Skagway ziet er best leuk uit, maar met zo'n 2500 passagiers per cruiseschip, en dat keer 3, in een dorp met misschien een paar honderd inwoners, is niet helemaal de plek waar ik me thuis voel. Het zijn alleen maar dezelfde soort winkeltjes en overal staan rijen. Volgens mij kunnen die schepen net zo goed maar één haven aandoen, want al die souvenirzaken zien er toch overal hetzelfde uit. Dag varen, volgende haven, zelfde troep. Nee bedankt.
Ik parkeer de motor even langs de weg, en loop toch maar een klein rondje door het dorp. Het is best aardig, maar een beetje toeristisch. Ik wil het niet te lang maken, want het is inmiddels bijna 4 uur. Een kilometer of 15 buiten het dorp ligt de grens met Canada, dan gaat de klok weer één uur vooruit, en ik moet ook nog 1,5 uur rijden naar Whitehorse. Door alle vertraging met de ferry gaat het dus wel een latertje worden.

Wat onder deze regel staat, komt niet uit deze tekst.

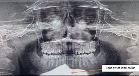 On her previous visit to a local clinic, she was prescribed a panoramic radiograph, which she carried with herself. A panoramic radiograph presents a tenfold reduction in the amount of radiation exposure and limits the dose absorbed by the patient compared to periapical radiography. For pregnant women, since the intrauterine dose absorbed is less than 10-6 rad, the risk of mental abnormalities due to dental radiology is considered nonexistent. Since patient was in the third trimester of pregnancy and active immediate intervention was not planned, computed tomography (CT) was not recommended till a later date.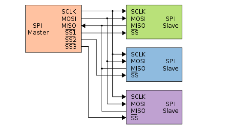 The SPI communication protocol is a bus, which means that multiple devices can be connected to it. In such cases, only one device should act as the master, and the remaining devices must be set as slaves. Each slave device should have its own Slave Select (SS) line, while the Clock (SCLK), Master Output Slave Input (MOSI), and Master Input Slave Output (MISO) lines can be shared among all devices..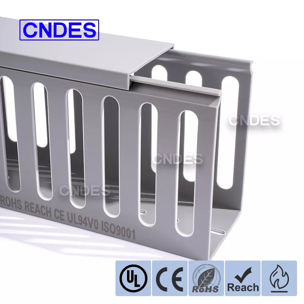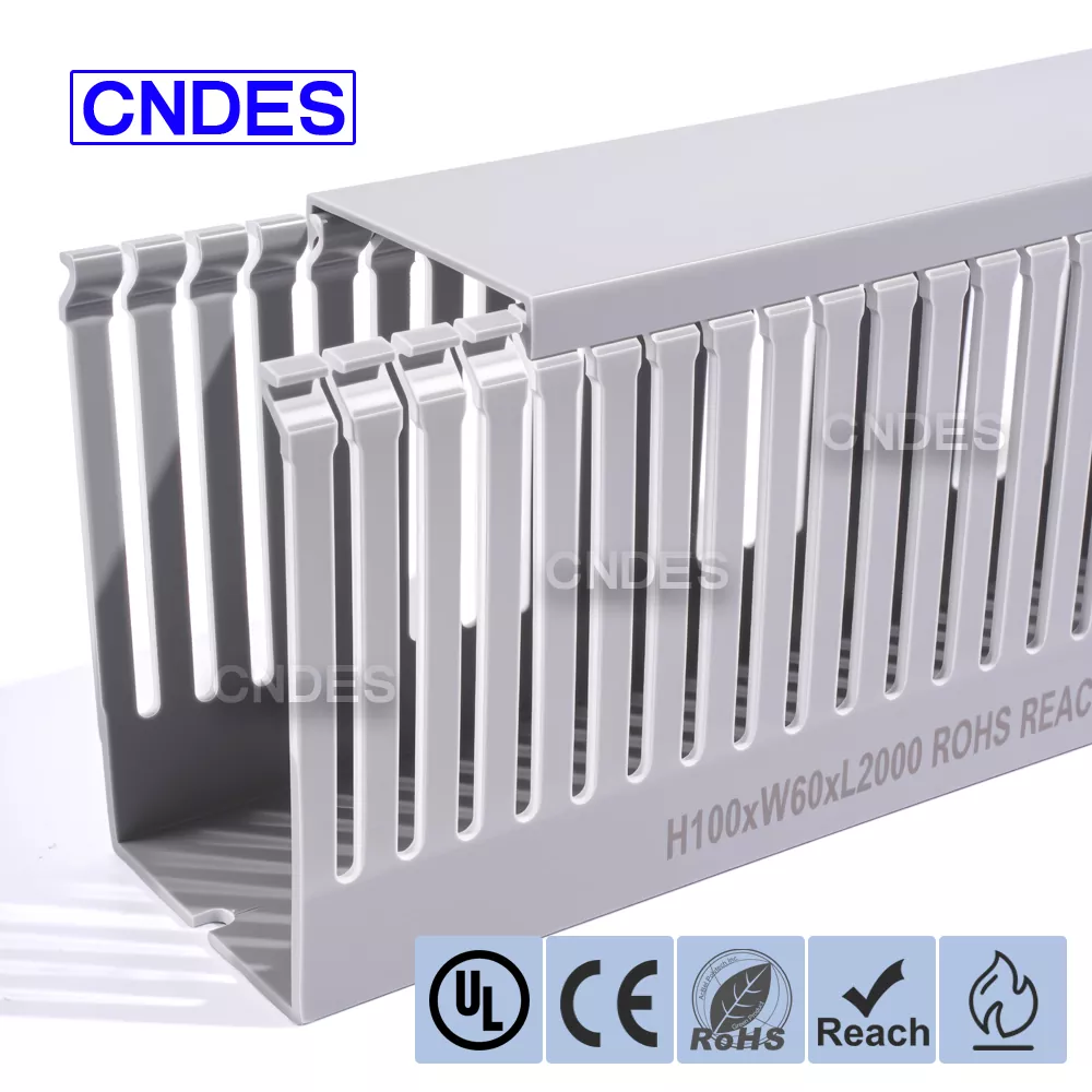 Slot Ketepatan- Alur Ketepatan – Saluran PVC Berkualiti 100×60 Untuk Panel Elektrik menampilkan reka bentuk alur yang seragam, membolehkan kabel keluar dengan bersih dari sebarang kedudukan; corak lubang tersuai tersedia sebagai pilihan..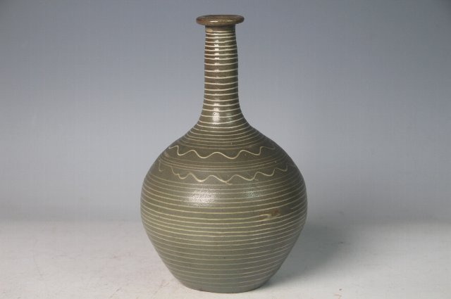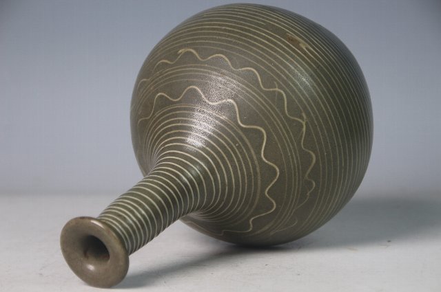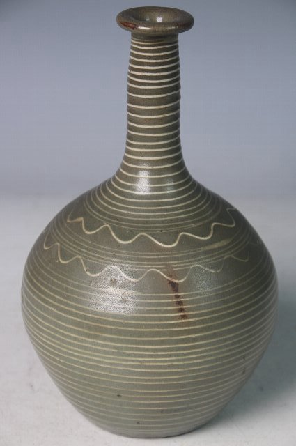 いっちんで輪線と波紋が描かれた徳利。
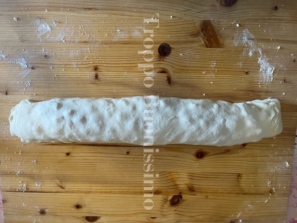 Transcurrido el tiempo de leudado, vuelca la masa sobre una tabla de amasar enharinada, toma un trozo grande de unos 70/80 g y resérvalo para hacer las cruces sobre los huevos. Estira el resto de la masa con el rodillo hasta formar un rectángulo de aproximadamente 50×40. Distribuye los ingredientes para el relleno por toda la superficie, dejando libre aproximadamente 1 cm del borde.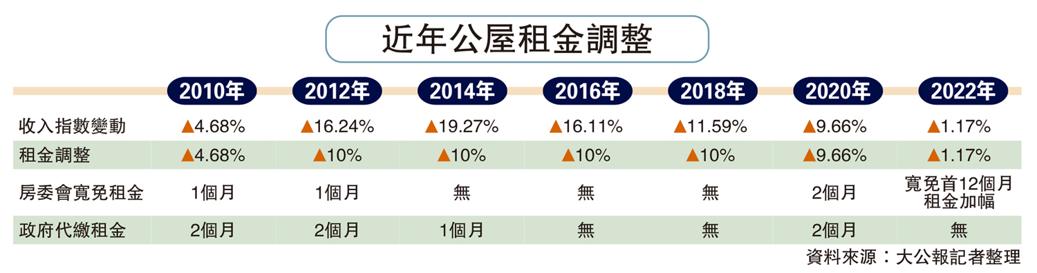 公屋租金調整機制自2008年實施以來,曾先後進行七次租金檢討,其中四次曾觸及加租10%封頂上限。由於《房屋條例》規定房委會須按調整租金機制結果來加租、減租或凍租,沒有彈性,過去房委會曾透過寬免租金平衡加租影響,但隨房委會財政負擔加重,愈來愈多聲音認為房委會應謹慎嚴格控制預算。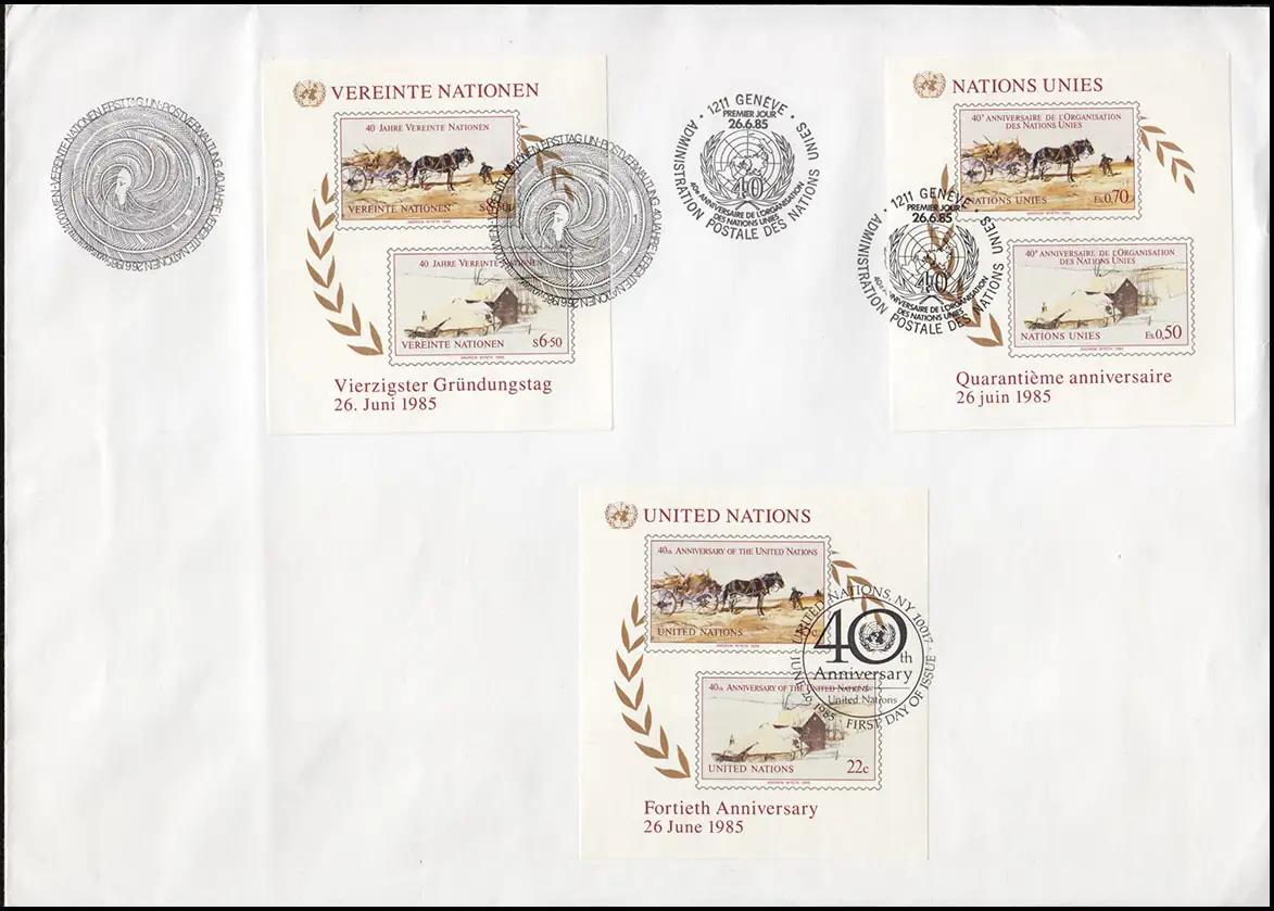 Nations unies Trio-FDC 40 ans UNO: tous les 3 blocs New York, Genève, Vienne avec ESSt sur FDC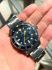Condition: Top condition with only minor honest wear consistent with age and careful use; 40mm Rolex Oyster case is completely unpolished with sharp edges, defined bevels, and thick crown guards; crisp caseback remains clearly legible with the original finishes; vibrant original blue bezel insert with no fading or visible wear; excellent original matte blue dial with very attractive yellow patina to the Tritium hour markers; excellent original Tudor "Snowflake" hands with matching original Tritium lume; superb original Rolex 9315 Oyster bracelet is tight and matches the overall condition of the watch (the original owner removed the diver extension from the bracelet); clean D19 Superdome crystal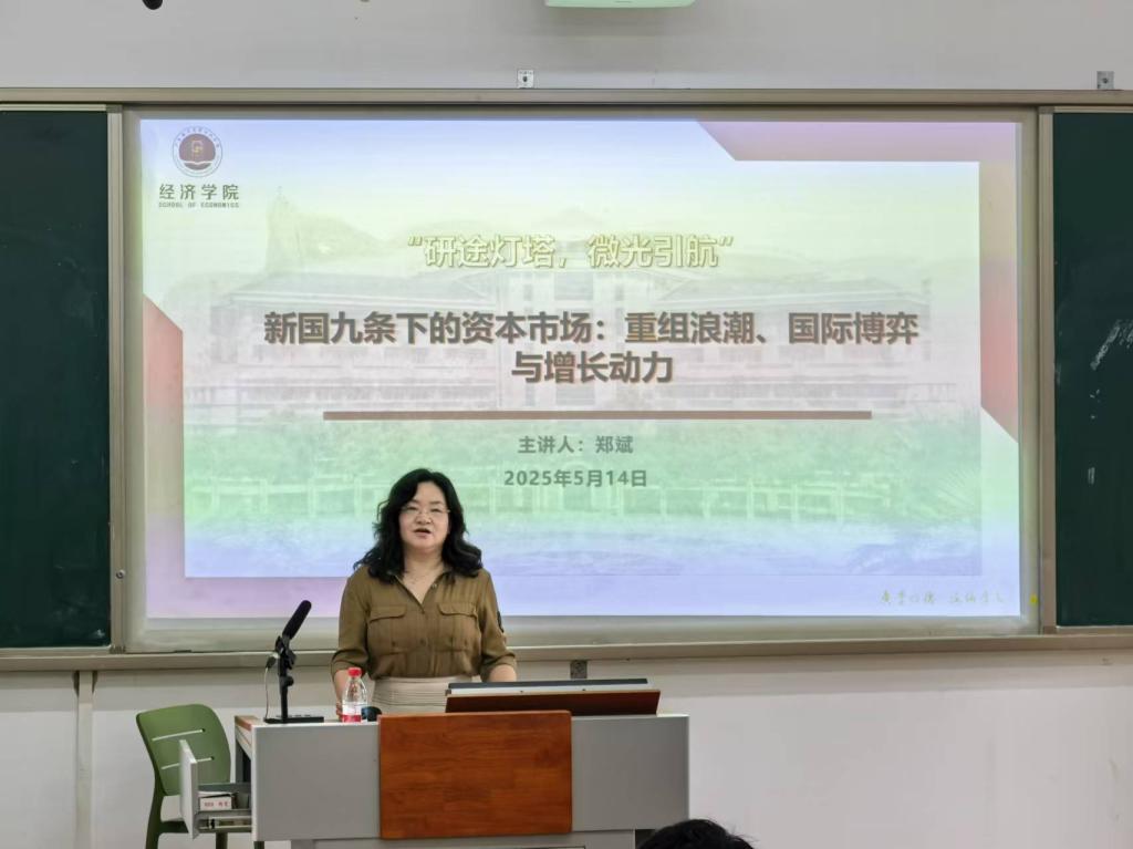 郑斌总经理以《新国九条下的资本市场:重组浪潮、国际博弈与增长动力》为题,结合自身丰富的行业经验,深入剖析了新政策背景下资本市场的发展趋势与机会。他首先以国泰海通证券为例,详细解读了新国九条下企业合并的背景、动因与影响;随后分析了中国资本市场增长的关键动力,最后探讨了“对等关税”政策下国际博弈的特点、机遇与挑战,为学生们提供了前瞻性的行业洞察。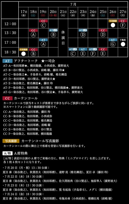 ※一部公演日に、「カーテンコール(該当キャストが客席までご挨拶)」「集合写真撮影」「A席特典ミニブロマイド」の施策が追加されました。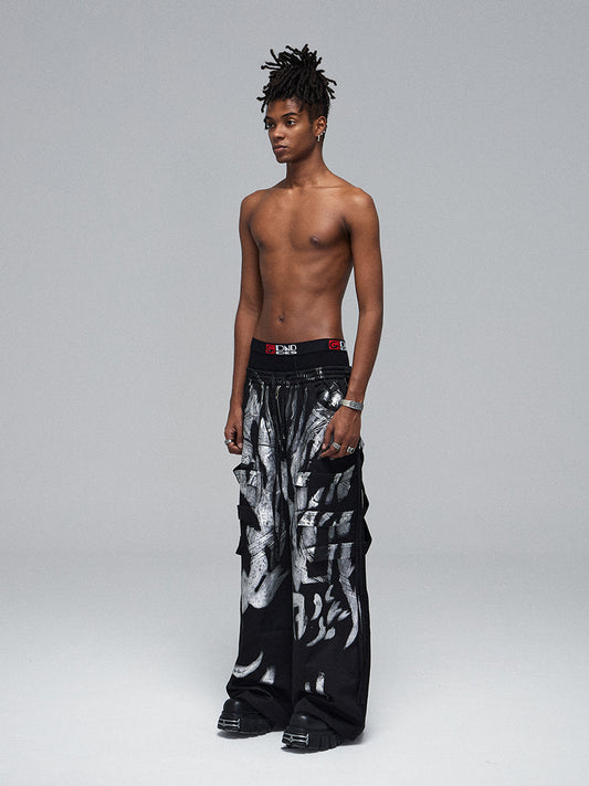 【25s Jun.】Vintage Washed Distressed Colorblock Thorn Print Jeans

Voor ik Alaska nu echt definitief achter me laat gooi ik nog even de tank vol. Het is goedkoper dan in Canada, en zo kan ik ook mooi de laatste US Dollars opmaken. Van de laatste 18 dollar die ik cash heb kan ik er voor $17.70 ingooien tot de tank vol zit. Komt precies mooi uit! Het schijnt dat de weg naar Whitehorse ook weer erg mooi zou moeten zijn. Helaas heeft de zon weer plaatsgemaakt voor dikke bewolking, en zodra ik Skagway uit rij begint het te hozen. De Whitepass is gehuld in dichte mist en ik zie geen hand voor ogen. De laatste dag en de laatste kilometers in Alaska zijn me helaas niet zo gunstig gezind.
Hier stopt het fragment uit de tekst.